Defendants-appellants' motion to stay both here and in the district court asserts that the injunction seriously disturbed the status quo, that it interfered with the performance of certain statutory duties with respect to salary schedules, teachers contracts, and annual budgets, and that it has hindered its court-imposed obligation to make mandatory transfers-that there is “a pressing need to know, as soon as possible, how many of the School Board's incumbent teachers, and which of them, will accept employment by the School Board for the coming year.”
*2 It appears that because the time element is crucial in this litigation, as the school year is rapidly approaching and the need to get teachers under contract either through individual negotiations or collective bargaining is compelling, a decision on whether or not to grant the stay will at least for the present year in all likelihood have the effect of a determination on the merits. This consideration weighs heavily on this court in framing this order.
There is no question that the right of teachers to associate for the purpose of collective bargaining is a right protected by the First and Fourteenth Amendments to the Constitution. Nothing in this order is meant to in any way dilute this proposition. Nor can it be doubted that actions under color of law which infringe upon this fundamental right may be properly enjoined by a federal court.
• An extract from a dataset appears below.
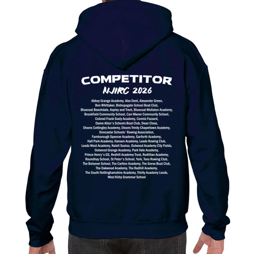 Navy hoody printed with NJIRC 2024 design to front and all competing clubs, schools and associations to back.

The factual allegations of the complaint, however, do not support allegations that First and Fourteenth Amendment rights of the plaintiffs-appellees were violated by defendants-appellants. Rather, the complaint alleges that the teachers had in fact joined the Association which is in fact now engaged in collective bargaining on their behalf. Thus, the acts from May 14 through May 27 alleged to be in violation of associational rights were rendered moot by the election and operation of the Association.
The gravamen of the complaint goes to the failure on the part of the defendants-appellants to bargain collectively in good faith. But there is no constitutional duty to bargain collectively with an exclusive bargaining agent. Such duty, when imposed, is imposed by statute. The refusal of the defendants-appellants to bargain in good faith does not equal a constitutional violation of plaintiffs-appellees' positive rights of association, free speech, petition, equal protection, or due process. Nor does the fact that the agreement to collectively bargain may be enforceable against a state elevate a contractual right to a constitutional right.
The allegations of the complaint certainly suggest the possibility that if this were an employment covered by LMRA, the School Board would be found by the NLRB to have committed an unfair labor practice. Such a possibility, however, does not argue for a federal court's assumption of jurisdiction on constitutional grounds.
We believe that there is great probability that the action must ultimately be dismissed.
Accordingly,

Opinion

IT IS ORDERED and decreed that the preliminary injunction be stayed pending appeal.